Characteristics and Main Controlling Factors of Low Permeability Reservoirs in E3s2 of A Oilfield, Bohai Bay Basin ()
1. Introduction
The A Oilfield in the Bohai Bay Basin is located at the western end of the Bonan Low Uplift in the Bohai Bay Basin, at the boundary of three major oil-generating enrichment zones: the Bozhong Sag, the Huanghekou Sag. It covers a total exploration area of approximately 30 km2 (Figure 1), extending in a northeast direction. As a faulted anticline structure bounded by two boundary faults, it serves as a favorable site for oil and gas accumulation and is the first pilot test oilfield for low-permeability fracturing exploitation in the Bohai Sea (Liao et al., 2015). The sandstone reservoirs of the second and third members of the Shahejie Formation (E3s2 and E3s2) in the Paleogene are the main oil-bearing sequences of the oilfield, characterized by great burial depth, large trap area, and high closure amplitude, thus exhibiting considerable exploration potential. Previous studies (Xiao et al., 2025; Deng et al., 2007; Yang et al., 2025; Xue et al., 2025; Liu et al., 2025; Li, 2003; Xie et al., 2001; Yang et al., 2000; Yang et al., 2010) have been conducted on the sedimentary environment, provenance, and reservoir characteristics of the Shahejie Formation in the study area. These studies suggest that the E3s2 Member, influenced by dual provenances from the southwest and northwest, is dominated by medium-fine-grained lithic arkose deposited in the braided river delta front. Reservoir distribution shows certain diversity across different sedimentary periods, facies belts, and provenance directions, with overall low permeability. However, there is a lack of systematic research on the main controlling factors of reservoirs and the genesis of high-quality reservoirs in the study area, which fails to meet the needs of optimizing the oilfield’s potential areas and deploying adjustment wells. Therefore, this study utilizes drilling core observation, thin-section identification, scanning electron microscopy (SEM), X-ray diffraction (XRD), capillary pressure curves, and other relevant analytical data to conduct a systematic investigation into the main controlling factors and formation mechanisms of low-permeability reservoirs in the E3s2 member of the study area. This research provides a geological basis for the subsequent pilot experiments and potential tapping of the oilfield.
![]()
Figure 1. Location of study area.
2. Petrological Characteristics of the Reservoir
Based on the analysis of 101 sandstone samples in the study area, the reservoir of the E3S2 Member of the Shahejie Formation is mainly composed of medium-fine-grained lithic arkose (Figure 2). Microscopic identification and statistical analysis of clastic components show that the average content of quartz is 50.27%, feldspar (dominated by potassium feldspar) is 33.06%, and lithic fragments (mainly magmatic rock fragments, with intrusive rocks as the primary type) is 14.30%. Analysis of SEM and XRD data indicates that the average content of interstitial materials is 2.36%. The cement is dominated by carbonate minerals, with common quartz overgrowth; the matrix is mainly composed of clay minerals.
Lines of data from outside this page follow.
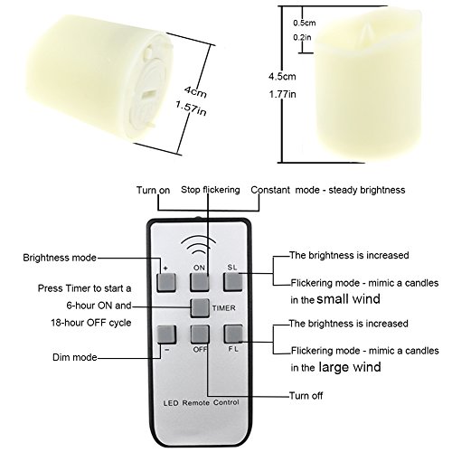 Remote Control & Timer The remote control multiple tea light candles.Besides turning candles on and off, it can change lighting modes, adjust brightness, and set timer.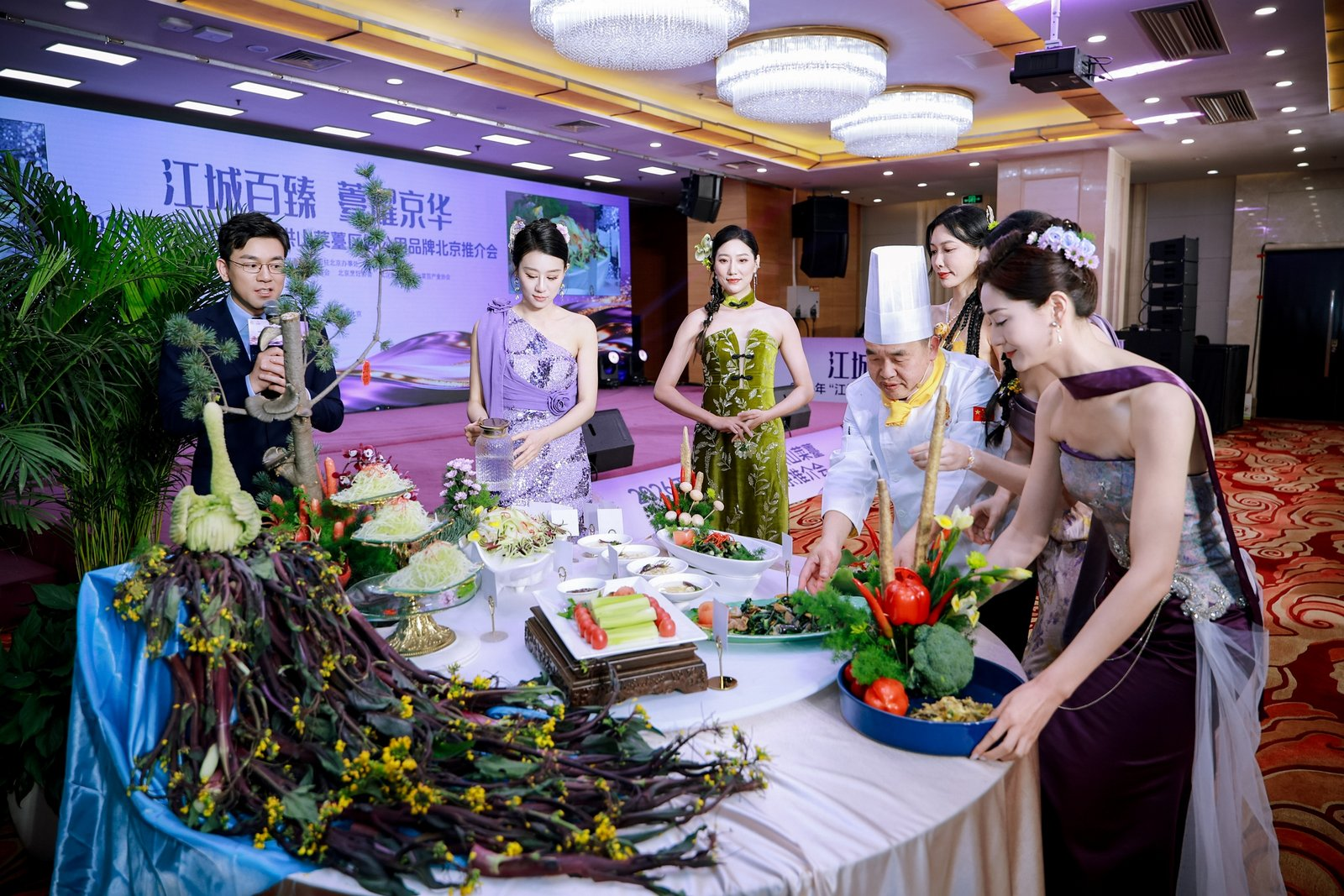 活動現(xiàn)場,《千年一“薹”,京誠所愛》情景劇生動詮釋洪山菜薹的傳承與創(chuàng)新,產(chǎn)品走秀與藝術(shù)插花表演凸顯其美學(xué)價值,楚菜名廚現(xiàn)場演繹“一薹多吃”宴席,展現(xiàn)菜薹融入京鄂風(fēng)味的烹飪創(chuàng)意。京城網(wǎng)紅大廚隋坡登臺品鑒,為洪山菜薹實力“打call”?,F(xiàn)場同步設(shè)置國風(fēng)市集,展出鮮薹、鎖鮮產(chǎn)品及禮盒,供嘉賓品鑒體驗。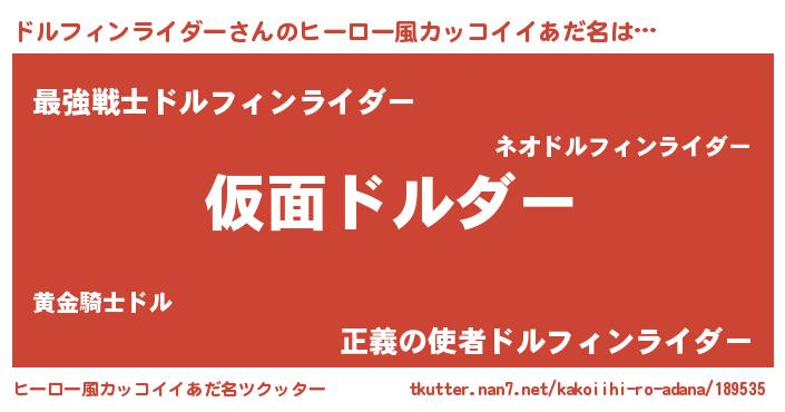 | 男性向けラノベタイトル風あだ名 | 『この素晴らしい世界にドルフィンライダーを!』 |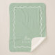 Sage Green Wavy Border Monogrammed Sherpa Blanket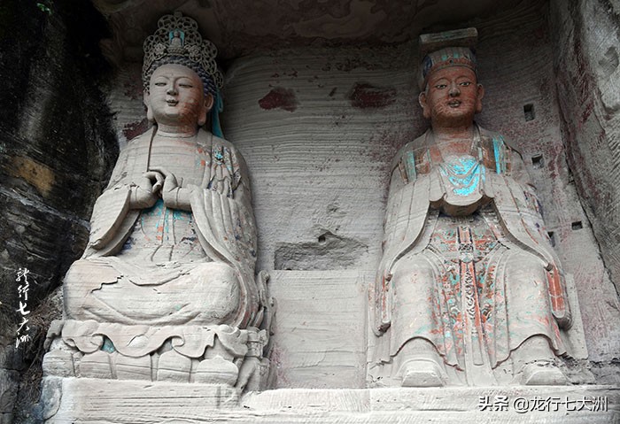 接下来看到的是1#龛——佛道合龛,此龛是明、清的造像龛左侧是佛教的毗卢佛(又称“大日如来”)与道教的东岳大帝(右侧)。毗卢佛结跏趺坐,施智拳印,头戴花冠;东岳大帝像双腿垂坐,头戴纯阳巾,整体造型与毗卢佛十分相似,只是面部略显呆板,根据东岳大帝像旁边的“道光二十二年(1842年)”的改刻题记,可知东岳大帝像是在晚清时才刻成,原先应该也是一尊佛像。

I. Quartz sandstone; II. Feldspathic quartz sandstone; III. Lithic quartz sandstone; IV. Feldspathic-lithic quartz sandstone; V. Feldspar sandstone; VI. Lithic arkose (or Lithic feldspar sandstone); VII. Feldspathic lithic sandstone; VIII. Lithic sandstone.
Figure 2. Triangular diagram of sandstone types of E3s2 in A oilfield.
Grain size analysis results show that the average particle size of the sandstone reservoir ranges from 0.05 to 0.33 mm, with a wide distribution (from argillaceous to gravel). Fine sandstone is the dominant type, accounting for 39.13%, followed by siltstone and medium sandstone. The sorting coefficient ranges from 1 to 2, the skewness ranges from 1.36 to 2.28 (showing extremely positive skewness), and the kurtosis varies within a narrow range of 5.15 to 7.59. Overall, the clastic particles exhibit good sorting, with subrounded-subangular rounding. The clastic particles are supported by a grain-supported structure, and the intergranular contact is mainly point-line or line contact. Compaction is strong in fine-grained sandstone, with local concave-convex contact observed; the cementation type is dominated by contact cementation. In summary, the sandstone reservoir has moderate compositional and textural maturity.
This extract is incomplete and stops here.